The ML refiner was trained and evaluated on synthetic corner patches generated by the tooling under tools/ml_refiner:

The generator renders a canonical chessboard corner, applies random homographies, blur, and noise, then labels each patch with a subpixel offset (dx, dy) and a confidence score derived from the distortion severity. The model predicts [dx, dy, conf_logit] on normalized patches (uint8 / 255.0). The current Rust path ignores the confidence output and applies offsets directly (confidence is used during training/evaluation only).

Training and evaluation steps:

Generate synthetic datasets with tools/ml_refiner/synth/generate_dataset.py.
Train the refiner with tools/ml_refiner/train.py (regression on positives, confidence on all samples).
Compare to OpenCV cornerSubPix via tools/ml_refiner/eval/compare_opencv.py, which writes a JSON summary and plots for CDF and error vs noise/blur severity.

Updated results (synthetic data):

Numeric aggregates live in book/src/img/ml_summary.json (exported by the evaluation scripts).

On this synthetic benchmark, the ML refiner shows substantially tighter error distributions than OpenCV cornerSubPix, especially under noise and blur.

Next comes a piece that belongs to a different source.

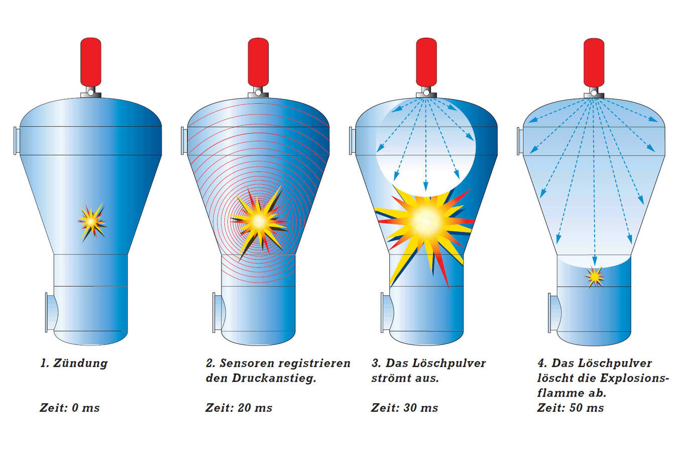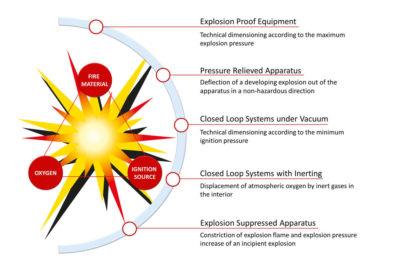 Glatt bietet verschiedene explosionsverhütende Vorrichtungen und Maßnahmen an, die nicht nur rechnerisch beurteilt, sondern auch in praktischen Explosionsversuchen bestätigt wurden. Zündquellen werden soweit möglich vermieden, alle Teile geerdet und ein entsprechendes Anlagendesign gewählt, um maximale Sicherheit zu gewährleisten. Kunden können auf das für sie beste Konzept zurückgreifen, sei es eine Explosionsunterdrückung, Druckentlastung, Inert-Kreisgas- oder Vakuum-Betrieb.

This does not yet guarantee real-world performance; realistic datasets still need to be tested.

Timing note (single-scale on testimages/mid.png, 77 corners):

Classic refinement: ~0.6 ms
ML refinement: ~23.5 ms

The ML path trades speed for precision, so use it selectively (e.g., for off-line calibration or when accuracy is paramount).

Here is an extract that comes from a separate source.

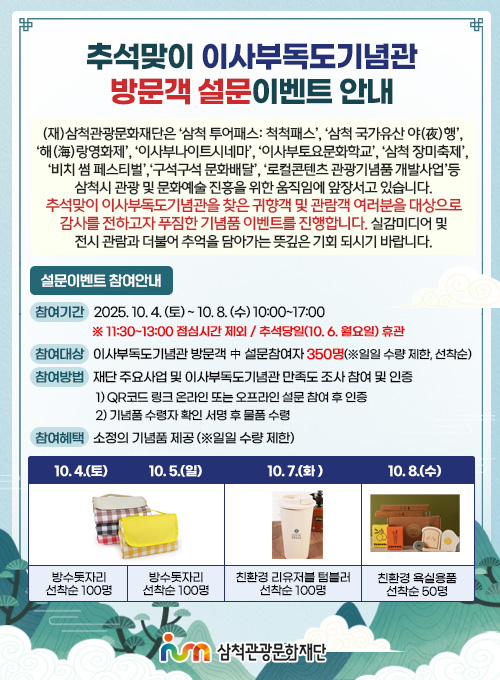 »ïô ÀÌ»çºÎµ¶µµ±â³ä°ü, Ãß¼®¿¬ÈÞ ¸ÂÀÌ ¼³¹® À̺¥Æ® ÁøÇà |

5.4 Tracing and diagnostics

Build with the tracing feature (the perf script does this) to emit INFO-level JSON spans.
Key spans now covered in both paths:
- find_chess_corners (total)
- single_scale (single-path body)
- coarse_detect (coarse response + detection)
- refine (per-seed refinement, includes seeds count)
- merge (duplicate suppression)
- build_pyramid (pyramid construction)
- ml_refiner (ML refinement span + timing event when enabled)
Parsing: tools/trace/parser.py extracts the spans above; perf_report.json is produced by tools/perf_bench.py, and accuracy overlays/timings come from tools/accuracy_bench.py.
Use --json-trace on the CLI (or run via perf_bench.py) to capture traces; visualize or aggregate with your preferred JSON tools.

5.5 Integration patterns

Real-time loops: reuse PyramidBuffers via find_chess_corners_buff; prefer multiscale + simd, add rayon for larger frames. Keep merge_radius modest (2–3 px) to avoid duplicate corners without throwing away tight clusters.
Calibration/pose: the accuracy report shows sub-pixel consistency; feed detected corners directly into calibration routines. Use the accuracy histograms to validate new camera data.
Diagnostics in the field: capture a short trace with --json-trace and inspect refine_seeds and span timings; spikes usually indicate harder scenes (more seeds) or contention (misconfigured features).
Reproducibility: keep generated reports under testdata/out/; rerun accuracy_bench.py --batch and perf_bench.py after algorithm or config changes, and drop updated plots into docs for before/after comparisons.